少し考え始めただけでも、この視点から沢山の洞察が得られそうに思えます。生命や知性のように複雑な現象を、小さな規模から段階的に考える事ができるというのは、それが順番に進化することができたという証拠にもなりますし、同時に私たちの理解の進歩も段階的に行えるという事を意味します。加えて、それを生命の起源と知性の起源の双方で行う事で、より多くの洞察や手がかりを得ることもできるでしょう。

また、この記事のタイトルと最後のセクションには「海」というキーワードを使いました。これは生命の起源が地球の水の中で起きたと考えられていること、細胞自体が液体の細胞質の中での化学反応により生命を維持していることになぞらえています。

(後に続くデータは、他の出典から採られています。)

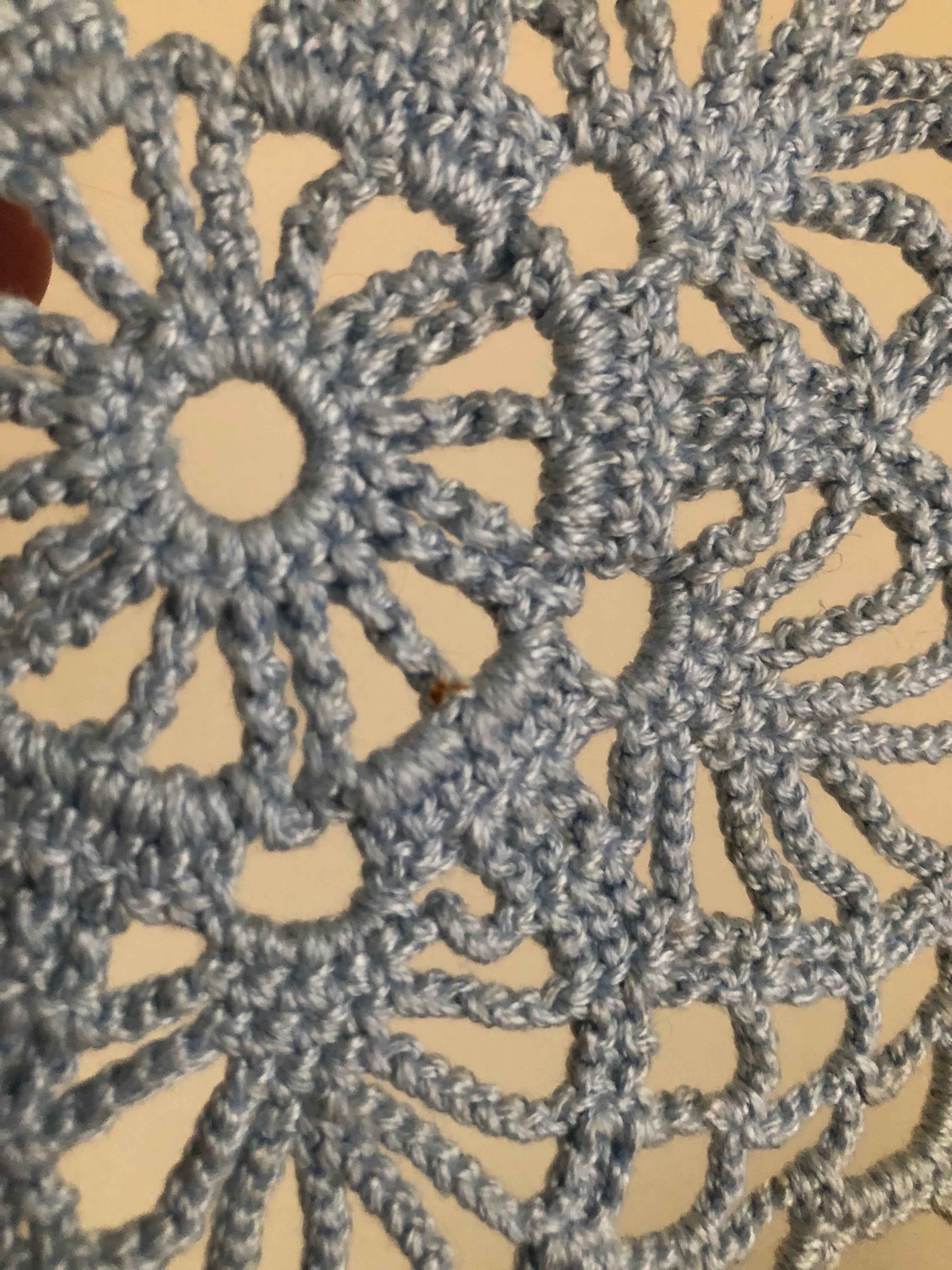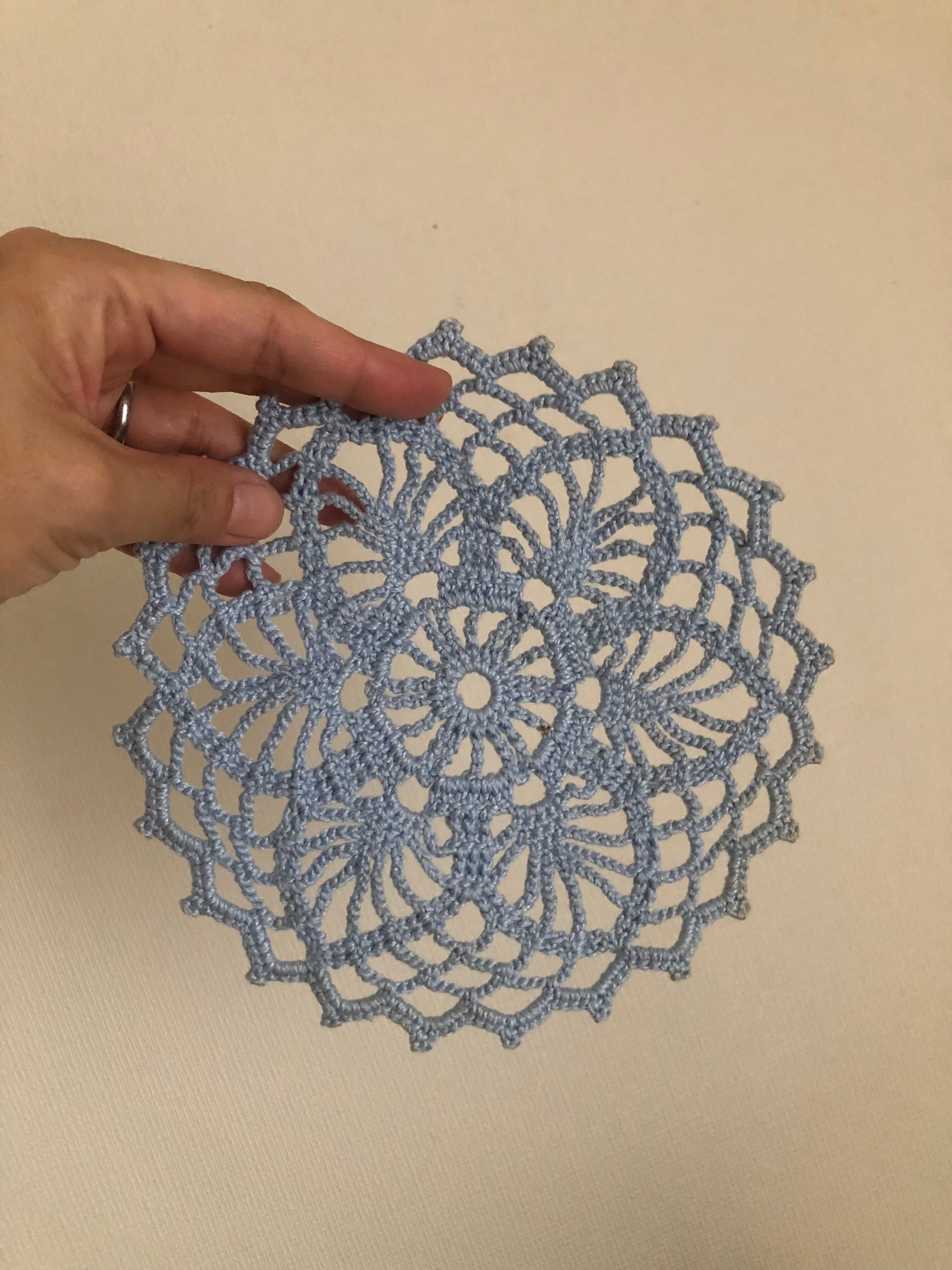 淡い水色のクロッシェ編みが可愛らしいドイリー♫
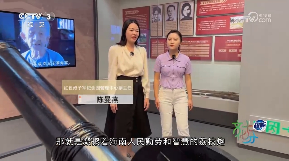 陳曼燕:這是我們「戰地瓊花」主題陳列展中最受歡迎的一個展品,那就是凝聚着海南人民勤勞和智慧的荔枝炮。在土地革命戰爭期間,我們瓊崖共產黨人所使用的兵器大部分是一些冷兵器,比如說大刀、長矛,還有粉槍,它們都只適合於近身搏擊,比如粉槍它的射程只有幾米。在武器非常匱乏的情況下,瓊崖的革命群眾非常地智慧,仿造大炮的形狀就地取材,選用堅硬的荔枝木研製成功了荔枝炮。在當時荔枝炮的射程能達到幾十米,極大鼓舞了我軍的士氣,在幾次戰鬥當中也屢立奇功。
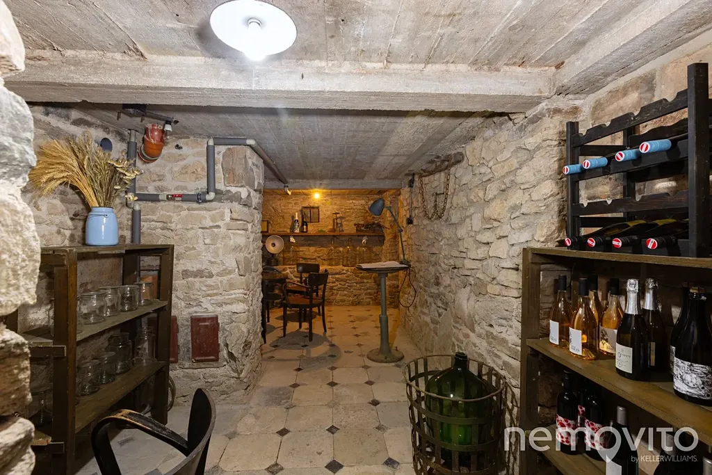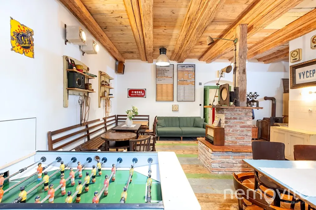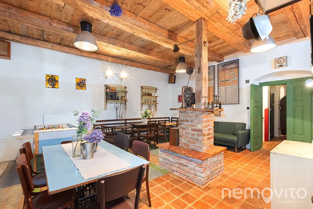 Hlavní část prvního podlaží tvoří velká společenská místnost s vysokým stropem. Její plocha je 65 m2 a kapacitně je s penzionem řešena tak, aby pohodlně pojmula 25 hostů. V hlavní místnosti je jídelní, kuchyňská a společenská část. Dřevo, cihly, kamna, původní okna a dveře - vše tak jak má být, pokud vy nebo vaši hosté hledají prostor, kde by se poctivá atmosféra starých časů dala i krájet. Nebo popíjet, což ostatně umožňuje malý vinný sklípek pod domem.
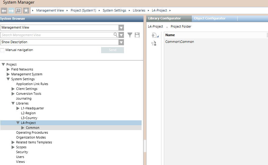 Projekt > Systemeinstellungen > Bibliotheken > L4-Projekt oder L3-Land oder L2-Region oder
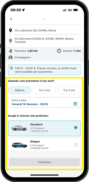 Seleziona la soluzione disponibile e imposta le tue preferenze. Clicca su Conferma.
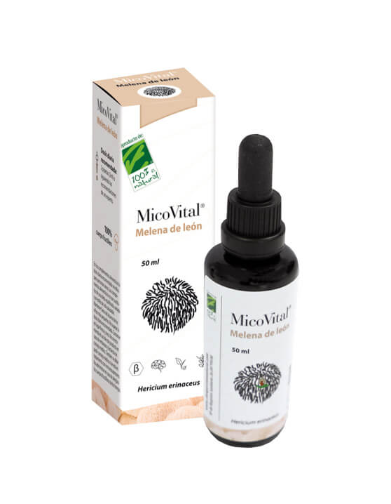 MicoVital® Melena de león es un complemento alimenticio a base de extracto del hongo melena de león (Hericium erinaceus), del que se utiliza exclusivamente el cuerpo fructífero, que contiene una mayor concentración en polisacáridos (beta-glucanos) y triterpenos como la hericenona y hericeninas, con propiedades neurotróficas.

そして、それを知能にも援用したのは、液体中で化学物質が出会って化学反応が連鎖する構造を、情報処理システムとして模倣したものが、出力を入力に加えて繰り返し処理を行うタイプのChatGPTのような人工知能の処理構造に符合しているという考えを私が持っているためです。このため、役割分担が行動化する仕組みには、学習と情報伝達の進化という共通の原理だけでなく、「海」の中でおきるような処理構造面でも共通性があることを、私は予感しています。